农田表面粗糙度参数的测量与精度分析
收稿日期: 2012-07-10
修回日期: 2013-07-12
网络出版日期: 2013-09-29
基金资助
国家“863”计划子专题(2012AA12A305-5-2);中科院知识创新项目(KZCX2-YW-340)。
Accuracy Analysis of Agriculture Soil Surface Roughness Parameter
Received date: 2012-07-10
Revised date: 2013-07-12
Online published: 2013-09-29
表面粗糙度是有效解释雷达后向散射系数和微波辐射亮度温度的关键参数之一。表面粗糙度参数的测量精度受到测量方法、测量仪器、数据预处理等的影响,如何获取到表面粗糙度的“真”值是地表粗糙度测量急需解决的问题,并且有助于提高利用微波遥感技术反演地表参数的能力。本文利用激光扫描仪的二维高度数据和蒙特卡罗方法模拟的一维表面高度数据,分析了重复采样次数、采样间隔、采样剖面长度、空间自相关函数类型和大尺度结构(数据倾斜和农田垄行结构)对表面粗糙度精度的影响,研究表明:在大于20次重复采样、小于10mm的采样间隔、200倍相关长度的剖面长度的条件下,农田表面粗糙度参数的测量精度约为80%;分形相关函数与实测农田表面的空间自相关系数的吻合性要高于高斯函数和指数函数;数据倾斜和农田垄行结构严重影响表面粗糙度参数的结果,在进行表面粗糙度参数的计算之前,需从剖面高度分布数据中去除以上两个因素的影响。

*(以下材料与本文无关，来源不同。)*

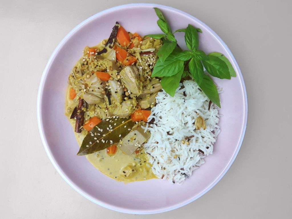 Jackfruit und Kokosmilch dazu geben, Kurkuma und Garam Masala darüber streuen und verdeckt ungefähr sieben Minuten köcheln lassen. Mit Salz und Ahornsirup abschmecken. Dazu passt Wildreis und Thai-Basilikum.
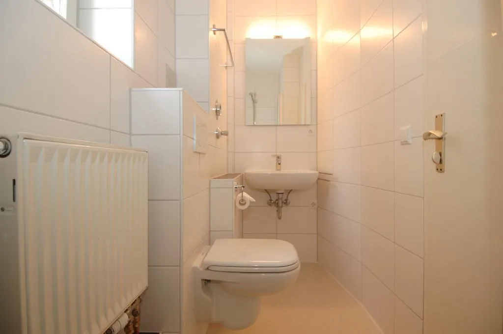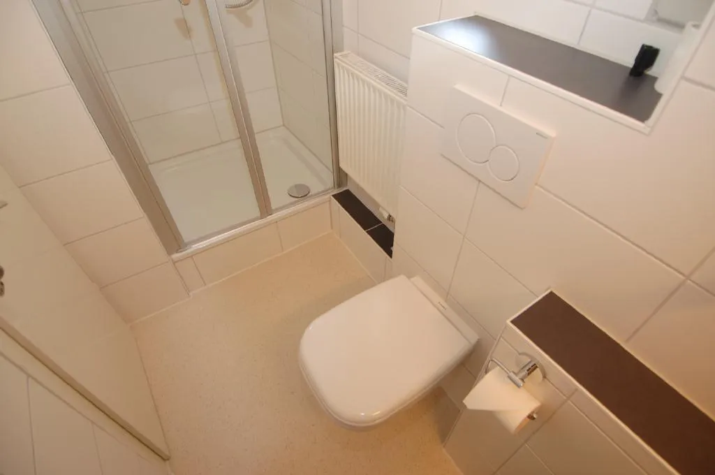 Das Badezimmer wurde aktuell komplett modernisiert. Das raumhoch geflieste Bad mit Fenster ist ausgestattet mit einer Dusche und einem WC. Auf dem Boden ist PVC-Belag verlegt.

郑兴明, 赵凯, 李晓洁 . 农田表面粗糙度参数的测量与精度分析[J]. 地球信息科学学报, 2013 , 15(5) : 752 -760 . DOI: 10.3724/SP.J.1047.2013.00752
Agricultural soil surface roughness parameters including surface root mean square height (rms h)and surface correlation length (cl)are key for effectively explaining radar backscattering coefficient and passive microwave brightness temperature, and its measurement accuracy is affected by measured method, measured instruments and data preprocessing. For surface roughness field measurement, the urgent problem is how to evaluate its measurement accuracy. This paper uses two-dimension surface height data from laser scanner and one-dimensional surface height data from Monte Carlo simulation, and analyzes the factors which influence the accuracy of surface roughness including sampling times, sampling interval, profile length, correlation function and large-scale structure (data skew and row structure). Four regions with different surface rough condition are used in this paper for analyzing surface roughness measurement method and accuracy. The result shows that, the measurement accuracy of agriculture soil surface roughness is about 80% under the condition of more than 20 samples, less than 10mm sampling interval and more than 200 cl profile length; the agreement between fractal correlation function and experimental spatial correlation coefficient is higher than Gaussian and exponential correlation function; and the skew and row structure of surface height data seriously affect the result of surface roughness parameter which needs to be removed before surface roughness calculation.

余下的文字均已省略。